然无人知,每至深夜,莫守拙常于梦中见一道人。

道人青袍芒鞋,面貌模糊,唯双眸清澈如孩童。梦中时在云海之巅,时在古洞深处,道人总以树枝划地,所书皆非世间文字。莫守拙初观不解,急叩问,道人笑而不语。如此十年,梦中道人忽开口,声如金玉:“字者,天地之纹也。今授汝凌虚之法,以虚空为纸,以光阴为墨,以心神为笔。然须知:虚则不执,空则不迷,神则不炫。守此三昧,可近道矣。”

言罢,道人化鹤而去。莫守拙惊醒,但见月色满窗,满室生辉,忽觉胸中滞涩尽去,手腕轻灵异常。急起铺纸欲书,却觉笔墨皆俗。踱步至院中,见晨雾初起,以指虚划,雾气流转变幻,竟成字形,良久方散。

自此人,他每晨于古槐下习凌虚之法。初时仅能扰动雾气,三年后,可引晨曦为彩,五年后,能聚夜露为珠,悬空作字,一刻乃散。然始终不肯落墨于纸。村人求字,他以普通笔墨应之,虽亦精妙,较之凌虚所书,不过十分之一。

三、归字谣深

这日晨课将毕,莫守拙缓缓收势。槐干上光影字迹最后一划敛去,园中骤静,唯闻华河潺潺。他负手望东方朝霞,低声吟道:

“归。

安步中原笑雨雷。

常挥墨,

日月乃良师。”

此《归字谣》乃其隐居次年所作,寥寥十六字,暗合平生志趣。归者,归真也;安步者,不慕车马也;笑雨雷者,宠辱不惊也;常挥墨者,初心不改也;日月为师者,道法自然也。三十余载,每晨吟诵,然每诵一次,便多一分怅惘。

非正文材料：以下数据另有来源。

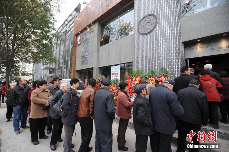 11月12日,兰州一牛肉面馆开业推出一碗牛肉面一元钱优惠引市民扎堆品尝。 杨艳敏 摄

梦中道人授法时,曾留谶语:“凌虚之法,至境乃‘无字之字’。届时,汝当见‘真文’于寻常处。然慧眼易得,慧心难求。心有挂碍,则真文不现。”

何谓“真文”?莫守拙苦思多年不得。他曾猜是上古蝌蚪文,或是失传的鸟迹书,甚至夜观天象,盼见星河成字。然皆非是。岁月流逝,昔年乌发成雪,凌虚之法已臻化境,可引蝶舞成字,可令雨丝斜书,可驱流萤列阵,然“真文”杳然。

“莫非我心中仍有挂碍?”他自问。挂碍何在?是憾此法不得传人?是叹平生所学将随草木同朽?还是……心底深处,仍有一丝不甘,不甘明珠暗投,不甘这惊世绝艺无人知晓?

正沉思间,园外忽传来人声。莫守拙眉头微皱——紫荆园位置偏僻,村人无事不扰,何况这般清晨。

四、不速之客

来者三人。前头是村长老赵,面色尴尬。后随两人,一老一少,皆都市装束。老者约六十许,着中山装,戴金丝眼镜,气度儒雅;少年二十出头,背黑色画筒,眉目俊朗,然眼神飘忽,似有不耐。

“莫老先生,叨扰了。”赵村长搓手道,“这位是省里来的林教授,专门研究民间艺术的。这位是他的学生小周。他们听说您老书法了得,特来拜访。”

林教授上前一步,躬身道:“晚生林慕贤,久仰莫老大名。早年曾见您浸毁的《华山云海图》照片,震撼至今。这些年在省文史馆工作,一直留意您的踪迹,近日才知您隐居于此,冒昧来访,万望海涵。”

莫守拙神色淡然,还了半礼:“山野朽人,不堪挂齿。两位远来辛苦,请屋里用茶。”语气客气,却疏离。

入得草堂,四壁萧然,唯东墙悬一联,纸色已黄,上书:“墨池水浅能容月,槐影庭空不碍云。”字是寻常行楷,然笔力沉厚,隐有金石气。林教授凝视良久,叹道:“浑金璞玉,大巧若拙。莫老境界,晚生只能仰望。”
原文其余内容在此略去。